The lawyer defending Mayor Marion Barry admitted Thursday that Barry lied to his constituents while using cocaine but said the government used an unfair standard in charging Barry with 14 drug and perjury counts.
"He's being prosecuted because he is the mayor," attorney R. Kenneth Mundy said in closing arguments at the 9-week-old trial. "The government has indicated that if he were a common man, he wouldn't be here for these offenses."On Wednesday, Mundy had told jurors that after they viewed a videotape of Barry smoking crack and heard 10 government witnesses say he used cocaine, he was not going to claim Barry was not an "occasional" cocaine user.
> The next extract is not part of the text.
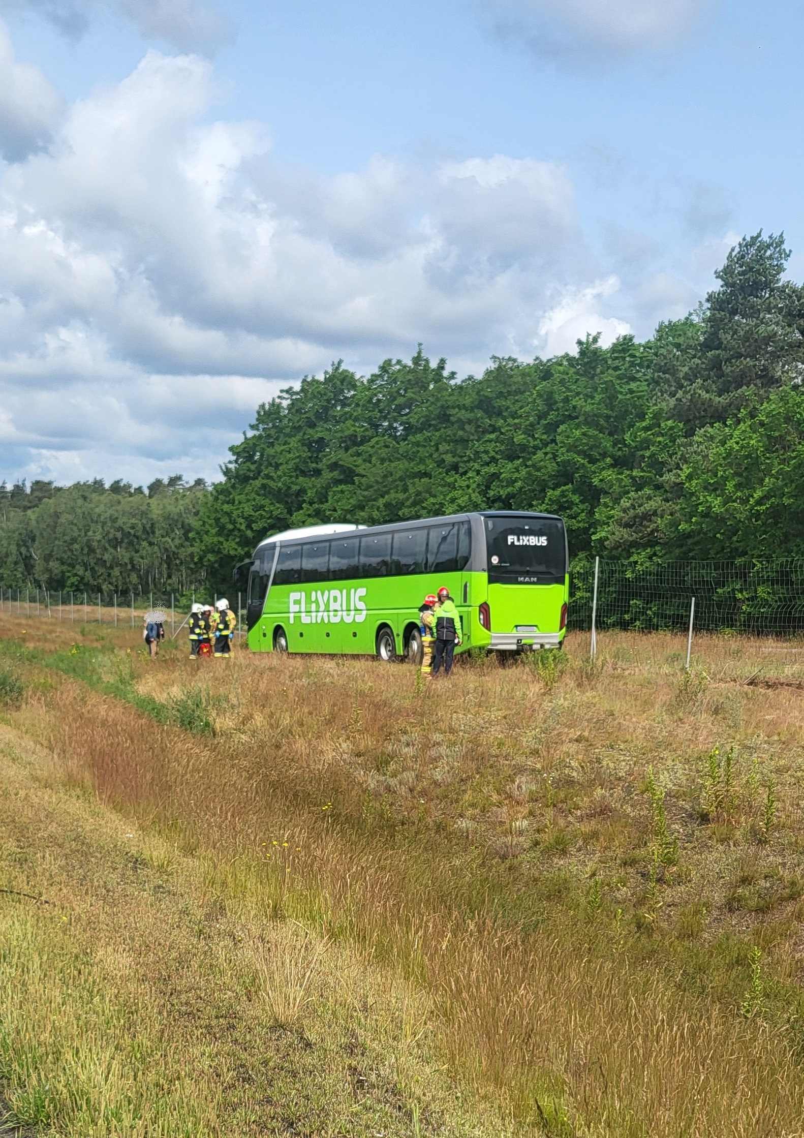 Po przybyciu na miejsce zdarzenia stwierdzono, że na poboczu Autostrady A2 stoi autokar. Pasażerowie oraz kierowcy znajdowali się na zewnątrz pojazdu.

In concluding his statements Thursday, Mundy went a step further, acknowledging that Barry secretly used cocaine while publicly leading an anti-drug campaign and denying drug involvement.
"Despite all the denials, Mr. Barry was an occassional user of cocaine," Mundy said. "(But) I don't want you to divine from this . . . that we are pleading guilty or admitting to any of these charges. There have been occasional uses of drugs."
Mundy contends the government never proved Barry used cocaine on the dates and times charged and asked jurors to acquit him on those grounds.
He also reiterated a theme that Barry was targeted because of his position and treated unfairly by the government, which used an elaborate and expensive sting operation to catch Barry in a misdemeanor count of cocaine possession.
"The government in effect used a sledge hammer to kill a fly," Mundy said, at times nearly screaming.
Assistant U.S. Attorney Judith Retchin had concluded the prosecution case by accusing Barry of being a traitor in the drug war.
After Mundy's closing arguments, the government was expected to counter with a short rebuttal before U.S. District Judge Thomas Penfield Jackson instructed the jury and deliberations began.
Barry, 54, is charged with three felony counts of perjury, 10 misdemeanor counts of cocaine possession and a single misdemeanor count of conspiracy to possess cocaine.